Combeferre grinned in amazement. "You're still in there, aren't you?" he asked. "The one who used to get me into trouble when we were children and you could talk me into anything. Probably I just never realized that you're the best sophist I know, or I knew once and forgot. You accidentally came up with some truth when you were thinking of the argument that would be most likely to work, but you could actually make me ask if you believe that. You might have once, after all." He paused, but Grantaire did not comment, so more soberly he continued. "If I were as sure as you seem to be that we are all going to die and that it would be for nothing, I would stay home. I'm going because from time to time a violent spark is necessary to shock the world out of stagnation, and because I think we can do that. As for educating the future, you've said you aren't going. If you believe anything that you just said, why don't you take care of that? Get out of Paris first; it encourages your worst impulses. Go live with your sister. Write, maybe. Get somebody good to edit it, of course. Nobody would read all the way through the sort of digressions you manage left to your own devices. I'll do it, if I can." He wouldn't say "If I'm still alive." They both knew that was what he meant. "Do it even if you don't believe it," he added. "You know that you could come up with the right words. Do it for any of us who don't come back. Maybe you'll even manage to convert yourself one day."
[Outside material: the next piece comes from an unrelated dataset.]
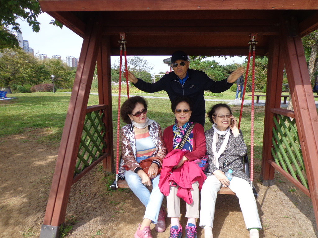 미국에서 온 동생과 독일에서 온 여동생과 서울 누나와 우리부부, 그리고 해지가족 넷, 모두 9명이 스타렉스 12인승 승합차를 렌트해 가지고 참으로 즐거운 여행을 무사히 하고 왔다. 8남매 중에 생존해 있는 4남매가 함께하는 여행이었고, 딸의 배려로 이루어진 여행이었다. 자동차 운전은 Best driver인 동생과 사위가 하고 다녔다. 아무런 거리낌이 없는 친밀한 가족여행이었다. 해지가 숙소예약과 자동차 렌트를 했고 식사비는 누나와 동생과 내가 번갈아가며 부담했다. 동생이 많이 부담한 편이었다. 여행지계획은 내가 했고 서로 의논하며 약간의 수정도 했다. 여행계획표를 복사해서 한 장씩 가지고 다니며 참고로 했다. 여행지가 첫날 오전에 경기도자박물관 관광 계획이 있었는데 출발이 늦어져서 생략되었고, 화담숲에서 충분한 시간을 보내며 산책했고, 가까이에 이틀 밤을 숙박하게 된 곤지암리조트의 L_빌리지가 있어서 편리했다. 둘째 날 가평 남이섬을 가평과의 경계지역인 춘천에 있는 제이드가든 수목원으로 바꾸었고, 쁘띠프랑스는 계획대로 갔는데, 그 곳에는 한국인보다 외국인 관광객이 더 많은 것 같았다. 셋째 날 도라산평화공원을 가려고 했던 것을 아프리카돼지열병 유행으로 출입이 통제되어 가지 못하고 임진각평화누리공원에서 충분히 시간을 보낸 후, 오후시간은 북한 땅을 조망할 수 있는 오두산통일전망대에 올라 임진강 건너 가까이 보이는 북한지역을 무료 제공된 망원경으로 많이 바라보았고, 파주의 관광지로 알려진 헤이리문화예술마을도 돌아보았다. 마지막 날인 넷째 날에는 감악산출렁다리에 올라보려고 갔는데, 주차장에서 사진으로만 보고 와야 했다. 15분 이상 거의 급경사 길을 올라야 되고 시간이 많이 소요될 것 같아 돌아섰고, 대신 일산호수공원에 들려서 호숫가를 산책하며 시간을 보냈다. 렌트한 자동차를 오후 6시까지 반납하게 되어 있어서 오래 있지는 못하고 돌아와야 했다.

There was a long silence. Combeferre thought Grantaire must be out of his mind with fear, more scared than any of the others. Hope gave the rest of them courage. "I won't go," he said one more time, his fingers brushing the letters in his pocket. He sounded as if he were trying to convince himself.
Combeferre sighed. There was only so much he could do. "You can pass out here or at home, but I wouldn't recommend doing it anywhere in between." Grantaire didn't move for the door as Combeferre rose to go back to bed, so he thought that he had probably acquired a guest. "I promise daybreak will come if you can wait for it. Very soon, at this rate."